Secondary aortoduodenal fistula following endovascular repair of inflammatory abdominal aortic aneurysm due to Streptococcus anginosus infection: A case report and literature review.

INTRODUCTION: Aortoenteric fistula is a rare but very serious complication of both surgical and endovascular abdominal aortic reconstruction. Since the advent of endovascular abdominal aortic aneurysm repair (EVAR), 20 cases of aortoduodenal fistula associated with aortic stent grafts have been reported.(1) However, only a handful has been reported following inflammatory abdominal aortic aneurysm repair. It most commonly presents with bleeding, usually from the upper gastro-intestinal tract. With recent advances in the screening, diagnosis and management of abdominal aortic aneurysms either surgically or through an endovascular approach, the diagnosis of an aortoduodenal fistula in patients with gastro-intestinal bleeding must be suspected and excluded. PRESENTATION OF CASE: We describe a case of secondary aortoduodenal fistula that occurred two and a half years following endovascular stent graft repair of an inflammatory abdominal aortic aneurysm. We also outline the emergency correction plan and the attempts at repair. DISCUSSION: This case defies the general concept that patients with inflammatory abdominal aortic aneurysms are relatively immune to rupture. Although the presence of a peri-aneurysm thick inflammatory membrane decreases the possibility of rupture, these patients are more susceptible to other related complications such as aorto-enteric and aorto-caval fistulas.(2) This case also demonstrates the peculiar presence of Streptococcus anginosus as the pathological organism leading to graft infection and subsequent fistula, as opposed to enterococci which are often found in endograft infection.
CONCLUSION: Aorto-enteric fistulas are associated with a grave prognosis. Early diagnosis is crucial and extra vigilance should be taken in cases of inflammatory AAA.

Case Report

A 75 year-old male patient, who underwent endovascular repair of a 5.8 cm inflammatory abdominal aortic aneurysm two and a half years previously (Fig. 1), was transferred from another centre complaining of acute abdominal pain and haematemesis of one day duration. He had several co-morbidities including chronic obstructive airways disease, hypertension and a cerebrovascular accident. Upon arrival, he was shocked, confused, pale and tachycardic. His blood pressure was 90/40, heart rate 115 bpm and temperature 36 °C. On examination, his abdomen was rigid with inaudible bowel sounds, and there was no melena by digital rectal examination. His haemoglobin was 8.4 g/dL.

Fig. 1

Preoperative CT angiogram showing a 5.8 cm inflammatory abdominal aortic aneurysm.

An oesophago-gastro-duodenoscopy (OGD) performed before transfer showed blood in the stomach down to the second part of the duodenum, the source of which could not be identified. A computerized tomography angiogram of the aorta showed multiple bubbles of gas within the aneurysm sac surrounding the stent graft (Fig. 2) with no discernible wall separating the aneurysm sac from the lumen of the distal third part of the duodenum, along with a psoas abscess measuring 6 × 4 cm.

Fig. 2

CT angiogram of the aorta showing multiple bubbles of gas within the aneurysm sac surrounding the stent graft.
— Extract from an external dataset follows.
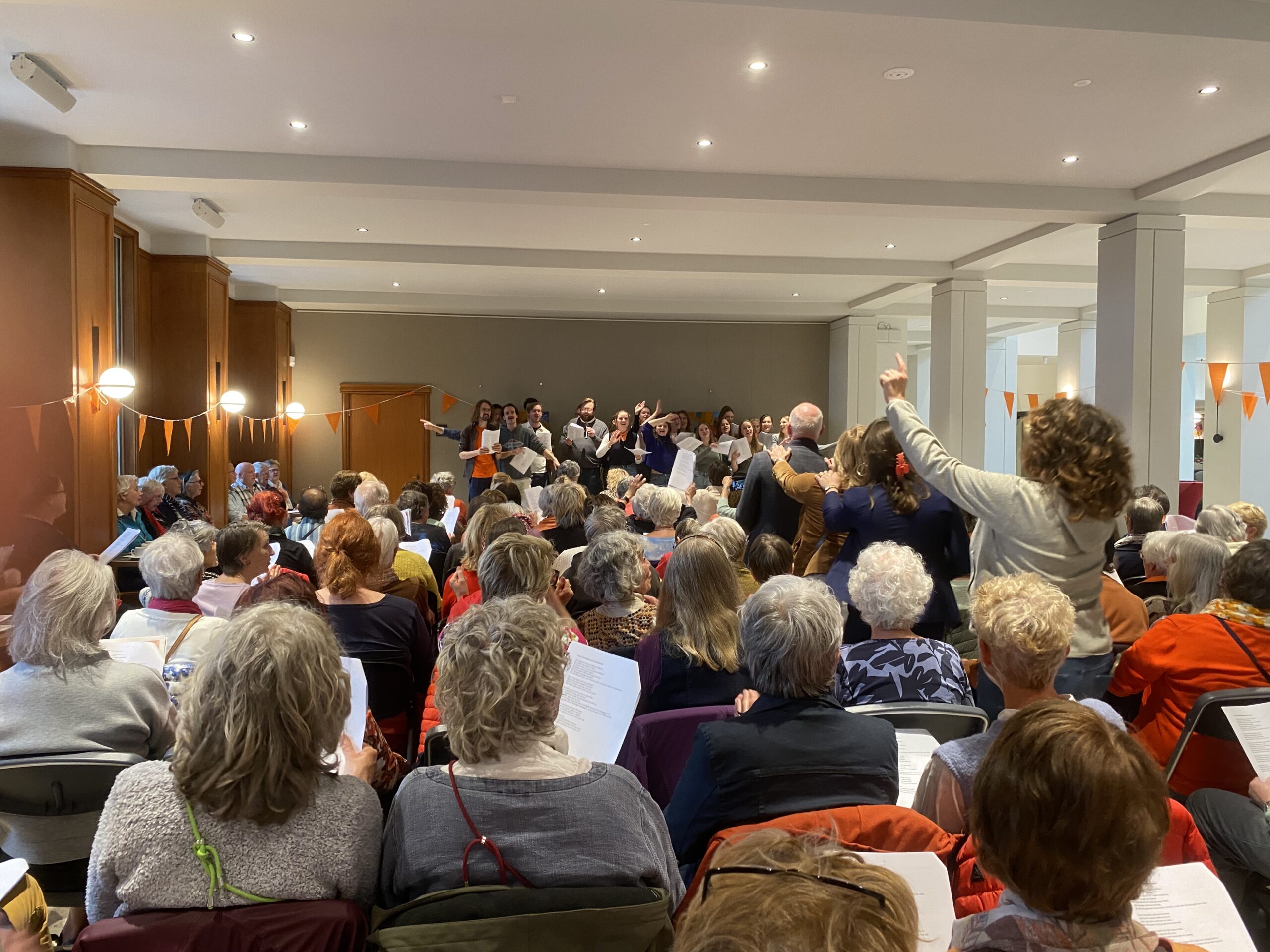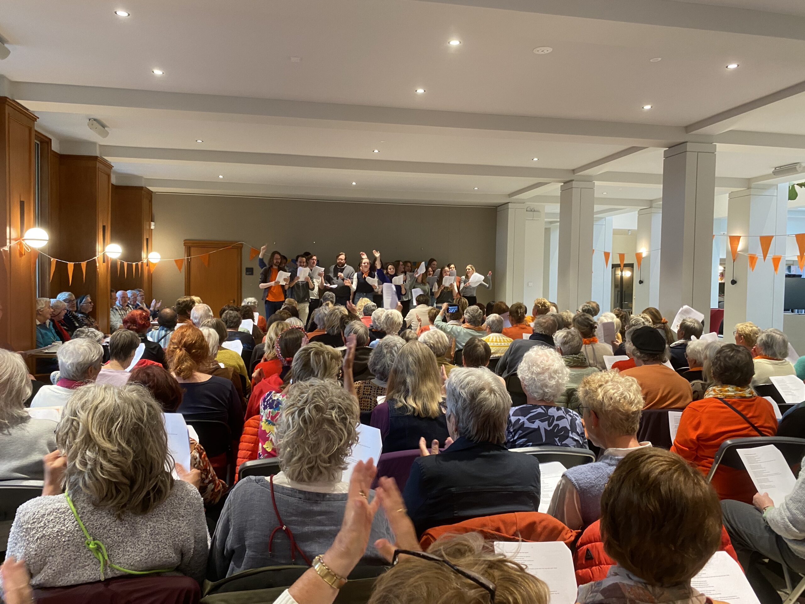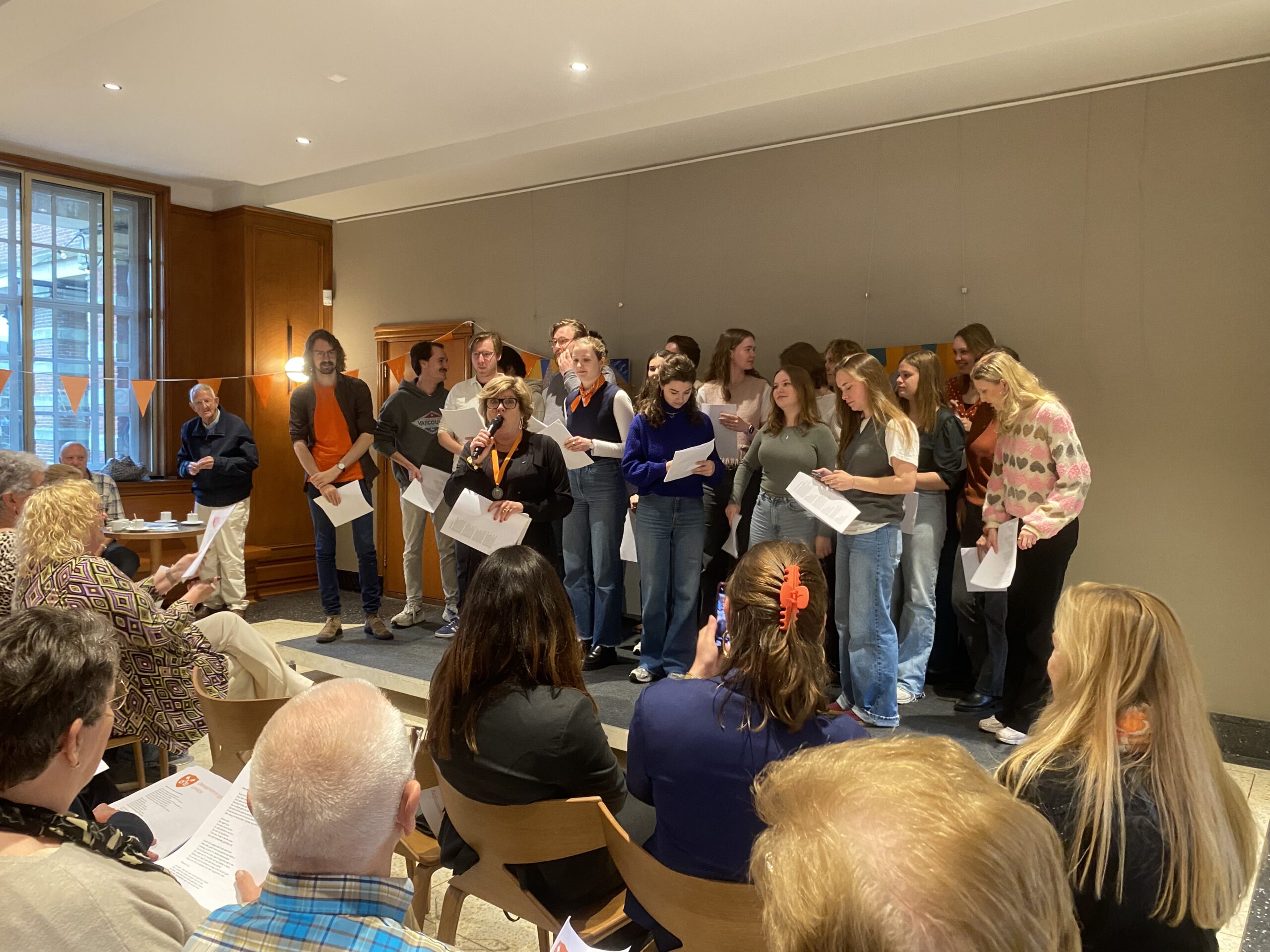 Ouderen, studenten en wethouders stonden donderdagmiddag samen te swingen in de stadsfoyer van het Leidse stadhuis. Het Meezingspektakel, georganiseerd door de Leidse Oranje Vereniging, zorgde voor een volle zaal en veel enthousiasme. Onder begeleiding van het koor Sempre Crescendo, afkomstig van studentenvereniging Minerva, werd uit volle borst meegezongen met Nederlandse klassiekers. Van Aan de Amsterdamse grachten tot 15 miljoen mensen — alles kwam voorbij.
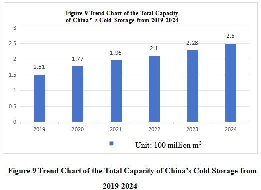 Cold storage can be regarded as the “base” of cold chain logistics. The construction and development of cold storage has become a top priority for the national backbone cold chain logistics base. The Research and Development Prospects Analysis Report on China’s Cold Chain logistics Industry from 2024 to 2029 released by China Academy of Commerce Industry Research shows that the total amount of cold storage in China was about 228 million cubic meters in 2023, an increase of 18 million cubic meters from the previous year and an increase of 8.3% year-on-year.The total capacity of cold storage in China will have reached 250 million cubic meters by 2024.

As soon as the patient arrived, he was resuscitated, received 3 units of packed RBC's and was sent to the operating theatre for OGD. Initially, the OGD found blood clots in the stomach which obscured the field, so a laparotomy was conducted in an attempt to localize the source. An enterotomy was done with retrograde passage of the enteroscope that detected a defect in the 3rd part of the duodenum as the source of the bleeding. Consequently, surgical exposure of the duodenal defect was done (Fig. 3), after which dissection of the abdominal aorta and identification of the fistula (Fig. 4) was achieved.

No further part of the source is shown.